These photos were taken in Aigues-Mortes 2 days ago.


Aigues-Mortes means 'Dead Waters'. The medieval city walls surrounding the city are well preserved. Gaius Marius, a Roman general and statesman, is said to have founded the city around 102 BCE, but there is no documentary evidence to verify this. In 791, Charlemagne erected the Matafère tower amid the swamps for the safety of fishermen and salt workers. Louis IX built the Constance Tower on the site of the old Matafère Tower to house the garrison. In 1272, his son and successor, Philip III the Bold, ordered the continuation of the construction of walls to completely encircle the small town. The work would not be completed for another 30 years.
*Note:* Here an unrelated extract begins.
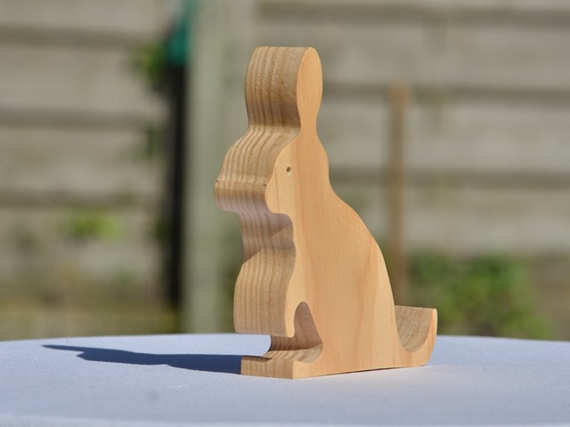 Un petit lapin assis sur son séant : le tout en bois pour supporter votre téléphone afin de libérer vos mains et ne pas fatiguer votre cou pendant les conversations en vidéo ou pour regarder en toute tranquilité un film. La queue empêche le glissement du téléphone.

The town’s ramparts stretch a full 1.6 kilometres (1 mile) in an odd-shaped quadrangle, punctuated by ten entry gates and six defensive towers. The fortified walls protected the old village and the Gothic (1183 AD). Today without the fear of brutal enemy attacks, holiday residences, hotels, restaurants, boutiques and galleries fill the interior of the ramparts.
As the Rhône’s waters wash into the Mediterranean, the river dumps some 20 million cubic meters of silt a year in the area.










Here, on Saint Louis square, opposite the main entrance of the Porte de la Gardette, stands the statue of Saint-Louis.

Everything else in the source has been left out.